We all go through creative slumps.  I live in Moab, surrounded by Arches and Canyonlands National Parks, Dead Horse Point State Park and over 2 million acres of BLM land every bit as breathtaking as the parks.  I have no reason to whine but I’m going to any way.  Here goes: I’m bored with red rocks.  I’ve had enough of sweeping canyon vistas, massive arches and impossibly balanced rocks bathed in alpenglow so vivid you’d think the sandstone was actually on fire.  There, I said it.

I dream of cold mountain streams lined with colorful wildflowers, powerful waves crashing against sea stacks and thundering waterfalls pouring over high cliffs.  I’m not certain my camera even has the ability to record the color green.  Okay, so maybe that last part is a bit of an exaggeration but I think you get the idea.
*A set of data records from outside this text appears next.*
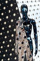 Een dubbele belichting van een etalagepop en een deel van het dak van Museum Kade in Amersfoort.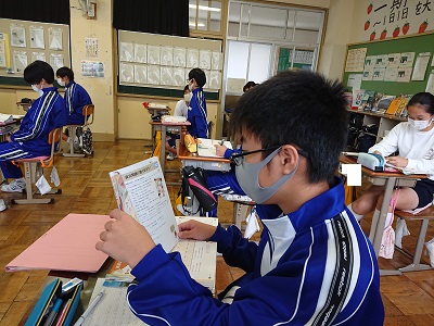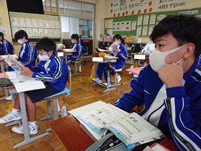 1年生は英語で中間テスト対策の学習を行っていました。「英語のしくみ」のページを見ながら、確認をしていました。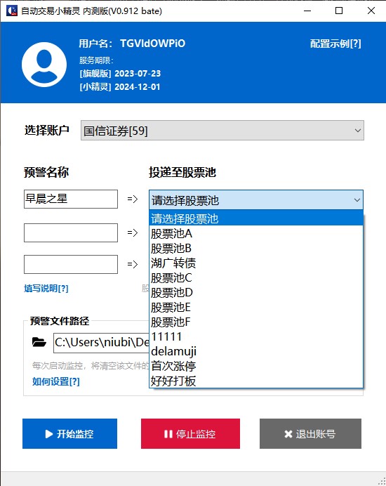 · 该账号已经创建好待添加”预警股票”的股票池;
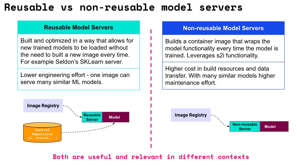 不可重用模型服务器:专用于服务单个模型的专用服务器。不需要中央存储库,但需要为每个模型构建一个新映像。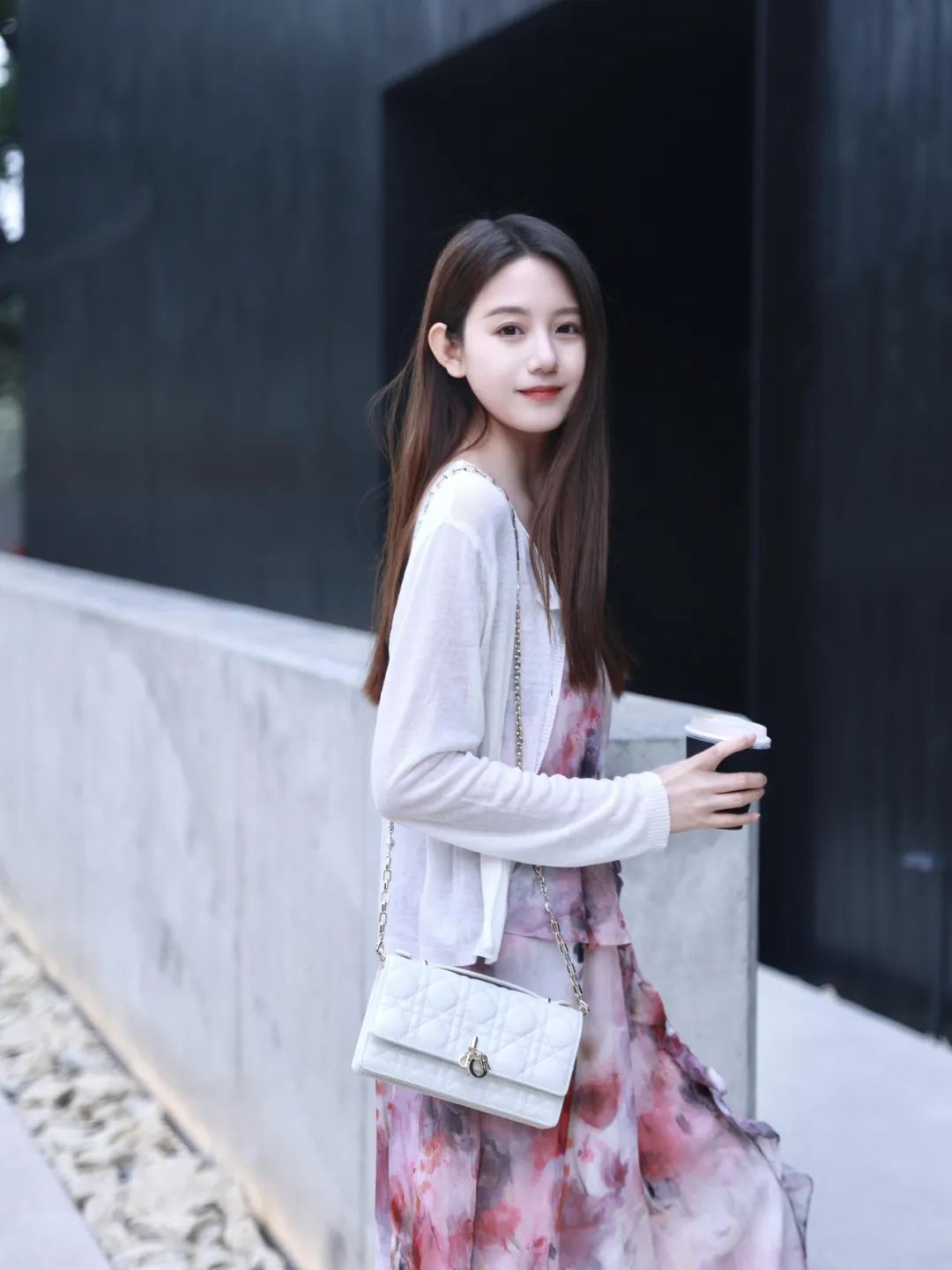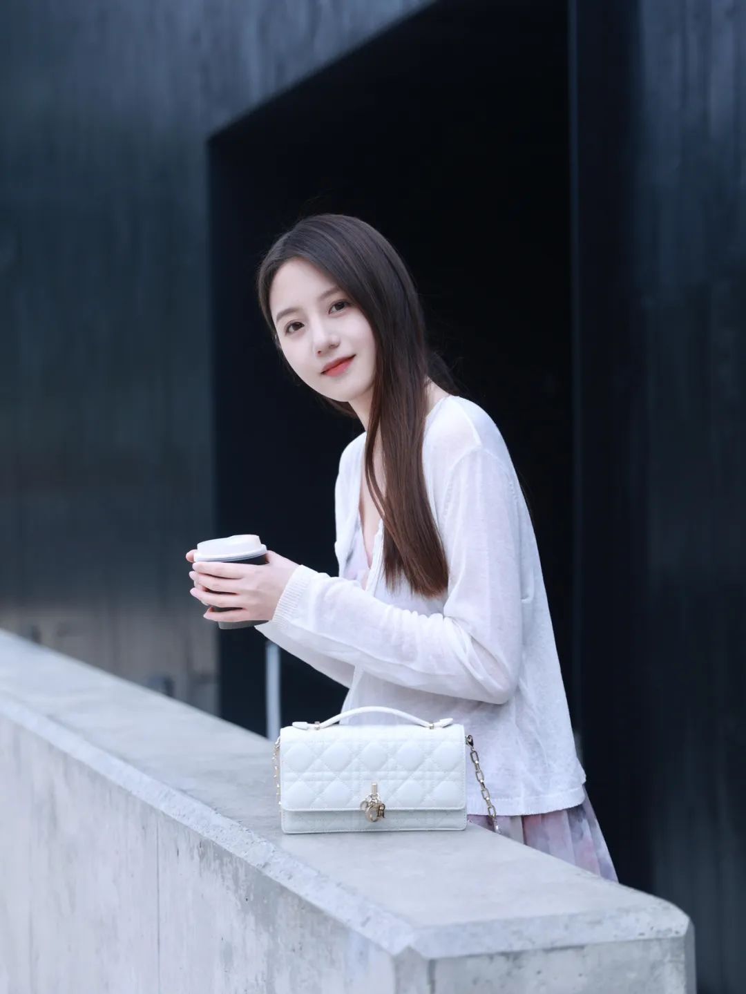 单肩挎着精致的包包,手持咖啡杯侧身自然站立,面带微笑看向镜头。这样的姿态端庄自信,简单的动作却展现出时尚与优雅的融合,咖啡和包包的搭配也恰到好处,为照片画面增添了精致感。

What to do about such a dilemma?  How about a personal project to pull you out of a creative slump.  I’m working on two projects that require me to dedicate countless hours wandering around Arches, hiking trails I’ve never hiked and photographing things I’ve never seen.  My love for the place is being renewed with each outing.  Away from the crowds and the buses spewing fumes I’m able to reconnect with the very landscape that brought me to Moab.  Watching sunset light wash over pinnacles of red rock piercing a clear, deep blue sky in an area of the park I’ve never seen and that I have entirely to myself has a remarkable and lasting impact.  Finding the remains of early spring wildflowers nestled in shifting sands of the largest dunes I’ve seen in Arches makes my mind fast forward to next May, and images I’ve yet to create.  Examining maps for new, off-the-beaten path locations keeps the excitement alive even when I’m only sitting at home.
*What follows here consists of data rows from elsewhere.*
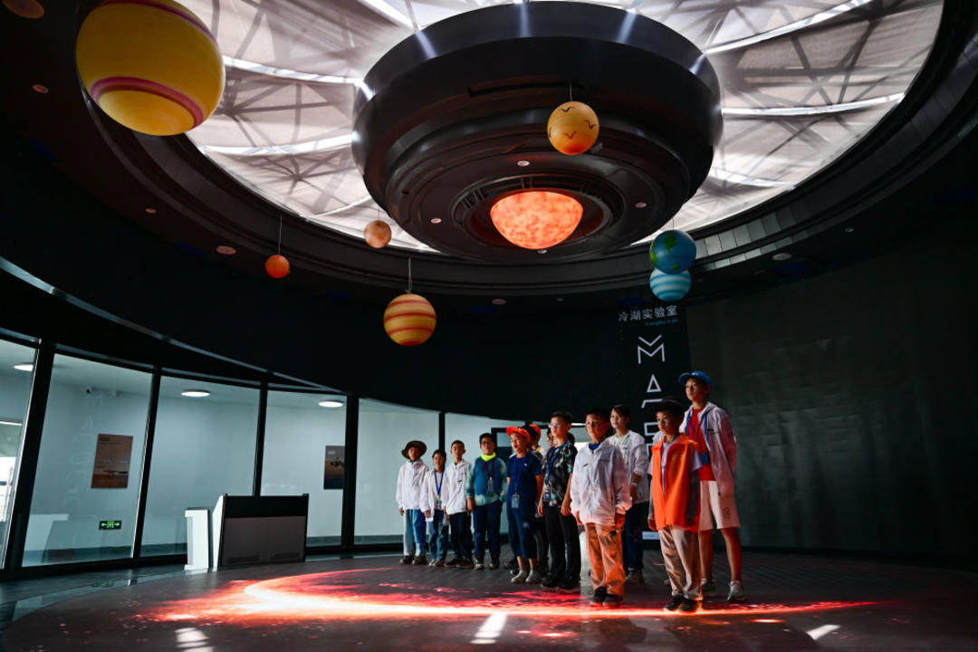 2025年7月29日,参加暑期研学的小朋友在青海省海西蒙古族藏族自治州冷湖镇“冷湖实验室”学习天文知识。冷湖镇曾是因石油而兴、又因油尽而沉寂的工业遗址小镇。然而,得天独厚的地理条件,让冷湖镇成为理想的观星地。近年来,当地发展科幻特色文旅,让戈壁小镇焕发新的生机。冷湖天文观测基地引进十余家科研单位的数十台望远镜,依托天文资源和戈壁奇景,打造火星实验室、黑独山等“出圈”地标。连续举办多届的“冷湖科幻文学奖”,更让这片土地成为科幻创作的新高地。冷湖镇以科幻点亮文旅新场景,也为中国西北工业小镇的转型探索出一条充满想象力的新路径。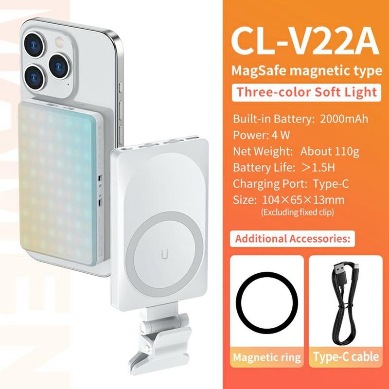 The V22A Portable Magnetic LED Fill Light delivers powerful, accurate lighting in a compact design ideal for smartphones, cameras and streaming setups. With Type-C charging, adjustable brightness and a wide color temperature range, it ensures excellent results whether you're filming indoors, outdoors or on the move.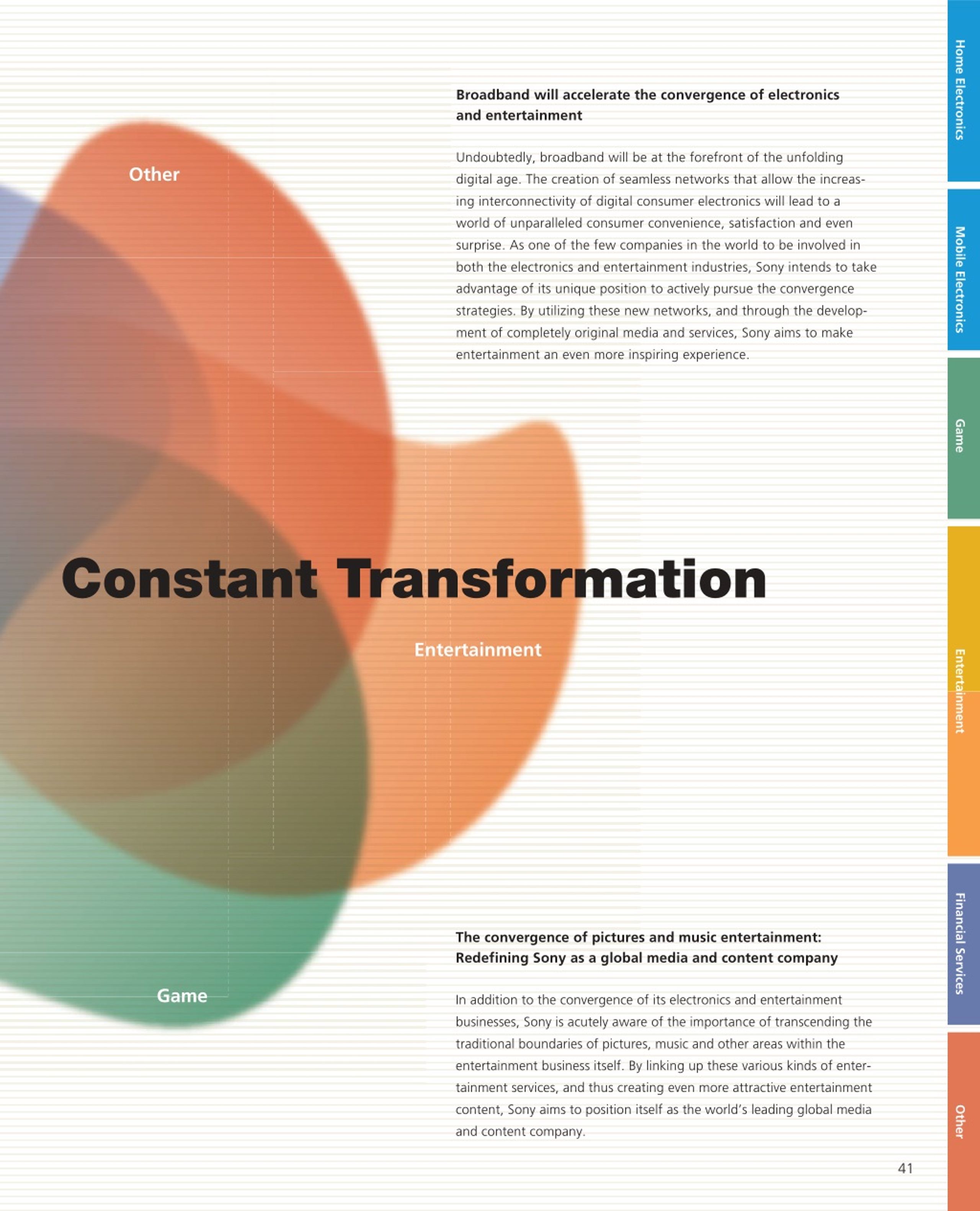 Home Electronics Broadband will accelerate the convergence of electronics and entertainment Undoubtedly, broadband will be at the forefront of the unfolding Other digital age. The creation of seamless networks that allow the increas- ing interconnectivity of digital consumer electronics will lead to a world of unparalleled consumer convenience, satisfaction and even Mobile Electronics surprise. As one of the few companies in the world to be involved in both the electronics and entertainment industries, Sony intends to take advantage of its unique position to actively pursue the convergence strategies. By utilizing these new networks, and through the develop- ment of completely original media and services, Sony aims to make entertainment an even more inspiring experience. Game Constant Transformation Entertainment Entertainment Financial Services The convergence of pictures and music entertainment: Redefining Sony as a global media and content company Game In addition to the convergence of its electronics and entertainment businesses, Sony is acutely aware of the importance of transcending the traditional boundaries of pictures, music and other areas within the entertainment business itself. By linking up these various kinds of enter- tainment services, and thus creating even more attractive entertainment content, Sony aims to position itself as the world’s leading global media Other and content company. 41

Next time you find yourself in a slump try designing a personal project that immerses you in the landscape that’s giving you the creative blues.  If your style leans toward sweeping vistas, give yourself a month to create a compelling portfolio of intimate landscapes.  Or, skip the icons and focus on lesser known locations you’ve never photographed.  Visit the same location over and over again, at different times of the day and in various seasons.  Work it until you’ve compiled a collection of images that tell a complete story of the location.  Write about your experiences in a blog or, if you’re not ready to share publicly, in a journal.
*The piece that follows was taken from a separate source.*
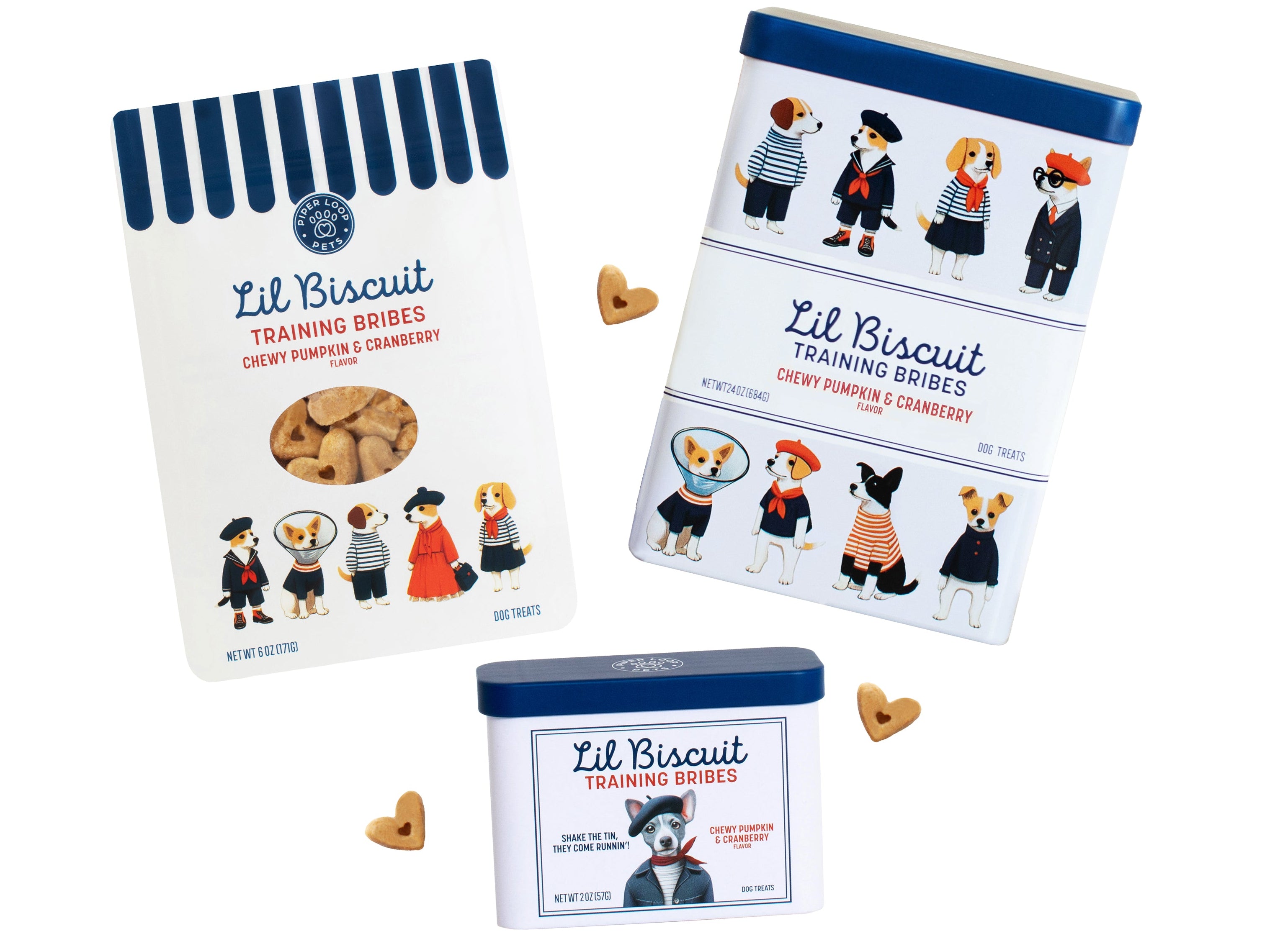 Inside our decorative tins, you'll find our signature chewy, heart-shaped dog treats — formulated by veterinarians for your dog’s health and happiness.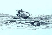 哥倫布把裝有羊皮紙信的木桶扔入大海 |

If all else fails store your camera in a closet for a while.  Read natural history guides.  Learn the geology, history, flora & fauna.  Hike trails you’ve never hiked.  Enjoy a grand sunset without worrying about finding a composition and fumbling with filters.  Sit by a creek and listen to the sound of the clear water rushing over mossy rocks.  Sharing these moments with those not present to witness the magic is why many of us fell in love with nature photography.  Treat yourself to them and you will surely find new energy and a passion to capture them with your camera.